In the latest MLPerf Inference V5.0 benchmarks, which reflect some of the most challenging inference scenarios, the NVIDIA Blackwell platform set records — and marked NVIDIA’s first MLPerf submission using the NVIDIA GB200 NVL72 system, a rack-scale solution designed for AI reasoning.
Delivering on the promise of cutting-edge AI takes a new kind of compute infrastructure, called AI factories. Unlike traditional data centers, AI factories do more than store and process data — they manufacture intelligence at scale by transforming raw data into real-time insights. The goal for AI factories is simple: deliver accurate answers to queries quickly, at the lowest cost and to as many users as possible.
The complexity of pulling this off is significant and takes place behind the scenes. As AI models grow to billions and trillions of parameters to deliver smarter replies, the compute required to generate each token increases. This requirement reduces the number of tokens that an AI factory can generate and increases cost per token. Keeping inference throughput high and cost per token low requires rapid innovation across every layer of the technology stack, spanning silicon, network systems and software.
NVIDIA Blackwell Sets New Records
The GB200 NVL72 system — connecting 72 NVIDIA Blackwell GPUs to act as a single, massive GPU — delivered up to 30x higher throughput on the Llama 3.1 405B benchmark over the NVIDIA H200 NVL8 submission this round. This feat was achieved through more than triple the performance per GPU and a 9x larger NVIDIA NVLink interconnect domain.
NVIDIA Hopper AI Factory Value Continues Increasing
The NVIDIA Hopper architecture, introduced in 2022, powers many of today’s AI inference factories, and continues to power model training.
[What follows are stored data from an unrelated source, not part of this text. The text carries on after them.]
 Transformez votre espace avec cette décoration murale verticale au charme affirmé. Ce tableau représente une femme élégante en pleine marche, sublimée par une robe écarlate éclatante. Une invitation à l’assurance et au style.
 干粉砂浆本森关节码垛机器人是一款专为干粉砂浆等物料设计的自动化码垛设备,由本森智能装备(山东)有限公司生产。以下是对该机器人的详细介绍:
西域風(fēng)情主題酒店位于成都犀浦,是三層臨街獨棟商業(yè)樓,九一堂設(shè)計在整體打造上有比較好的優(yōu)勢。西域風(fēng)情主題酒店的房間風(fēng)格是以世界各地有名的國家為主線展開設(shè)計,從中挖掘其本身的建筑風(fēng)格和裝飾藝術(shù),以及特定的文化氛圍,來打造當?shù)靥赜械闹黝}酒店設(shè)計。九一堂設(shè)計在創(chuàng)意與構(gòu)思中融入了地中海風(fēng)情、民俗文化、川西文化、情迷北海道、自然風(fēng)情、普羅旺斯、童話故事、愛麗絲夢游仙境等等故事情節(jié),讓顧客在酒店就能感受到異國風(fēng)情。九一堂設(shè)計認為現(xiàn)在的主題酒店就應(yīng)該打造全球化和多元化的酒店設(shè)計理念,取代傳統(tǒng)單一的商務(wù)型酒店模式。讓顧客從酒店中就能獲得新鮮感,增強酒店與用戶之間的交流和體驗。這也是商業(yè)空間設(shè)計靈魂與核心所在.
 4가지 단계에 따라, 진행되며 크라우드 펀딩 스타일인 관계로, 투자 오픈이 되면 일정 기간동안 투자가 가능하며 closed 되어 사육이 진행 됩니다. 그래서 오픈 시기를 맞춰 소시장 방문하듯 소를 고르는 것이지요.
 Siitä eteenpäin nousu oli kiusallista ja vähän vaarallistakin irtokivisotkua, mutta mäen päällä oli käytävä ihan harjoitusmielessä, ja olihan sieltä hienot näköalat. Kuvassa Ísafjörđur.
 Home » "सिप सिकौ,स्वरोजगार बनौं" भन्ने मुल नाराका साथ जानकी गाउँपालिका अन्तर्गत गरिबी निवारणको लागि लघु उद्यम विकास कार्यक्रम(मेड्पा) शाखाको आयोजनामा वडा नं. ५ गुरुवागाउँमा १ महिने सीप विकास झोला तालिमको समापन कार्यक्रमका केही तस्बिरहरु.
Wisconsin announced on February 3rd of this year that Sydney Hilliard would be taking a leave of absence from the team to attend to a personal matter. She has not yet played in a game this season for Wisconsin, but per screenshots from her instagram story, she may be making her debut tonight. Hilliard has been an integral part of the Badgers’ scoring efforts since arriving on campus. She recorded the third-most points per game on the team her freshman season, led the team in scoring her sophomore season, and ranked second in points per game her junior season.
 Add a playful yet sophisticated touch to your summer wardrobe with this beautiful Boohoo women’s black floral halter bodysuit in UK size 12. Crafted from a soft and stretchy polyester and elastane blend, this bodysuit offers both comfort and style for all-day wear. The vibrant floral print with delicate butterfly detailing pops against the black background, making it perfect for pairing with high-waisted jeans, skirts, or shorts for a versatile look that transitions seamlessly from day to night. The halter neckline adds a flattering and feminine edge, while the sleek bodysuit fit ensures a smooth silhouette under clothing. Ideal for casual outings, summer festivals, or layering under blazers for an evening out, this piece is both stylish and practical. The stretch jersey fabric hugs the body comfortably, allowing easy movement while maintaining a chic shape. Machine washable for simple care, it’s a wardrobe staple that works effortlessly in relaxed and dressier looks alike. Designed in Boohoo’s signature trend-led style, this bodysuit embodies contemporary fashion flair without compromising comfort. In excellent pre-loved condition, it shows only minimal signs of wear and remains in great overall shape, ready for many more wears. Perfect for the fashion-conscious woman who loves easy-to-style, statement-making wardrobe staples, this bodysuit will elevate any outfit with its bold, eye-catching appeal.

Through ongoing software optimization, NVIDIA increases the throughput of Hopper-based AI factories, leading to greater value.
It Takes an Ecosystem
This MLPerf round, 15 partners submitted stellar results on the NVIDIA platform, including ASUS, Cisco, CoreWeave, Dell Technologies, Fujitsu, Giga Computing, Google Cloud, Hewlett Packard Enterprise, Lambda, Lenovo, Oracle Cloud Infrastructure, Quanta Cloud Technology, Supermicro, Sustainable Metal Cloud and VMware.
Conclusion
The NVIDIA Blackwell platform has set new records in the latest MLPerf Inference V5.0 benchmarks, delivering exceptional performance across the board. The Hopper architecture continues to power AI inference factories, with ongoing software optimization leading to greater value. The NVIDIA platform is available across all cloud service providers and server makers worldwide, reflecting the breadth of its reach.
FAQs
Q: What is the NVIDIA Blackwell platform?
A: The NVIDIA Blackwell platform is a rack-scale solution designed for AI reasoning.
Q: What is the NVIDIA Hopper architecture?
A: The NVIDIA Hopper architecture powers many of today’s AI inference factories, and continues to power model training.
Q: What is an AI factory?
A: An AI factory is a new kind of compute infrastructure that manufactures intelligence at scale by transforming raw data into real-time insights.
Q: What are the goals for AI factories?
A: The goal for AI factories is to deliver accurate answers to queries quickly, at the lowest cost and to as many users as possible.
Q: What is the NVIDIA GB200 NVL72 system?
A: The NVIDIA GB200 NVL72 system is a rack-scale solution that connects 72 NVIDIA Blackwell GPUs to act as a single, massive GPU.
Q: What is MLPerf Inference V5.0?
A: MLPerf Inference V5.0 is a peer-reviewed industry benchmark of inference performance that reflects some of the most challenging inference scenarios.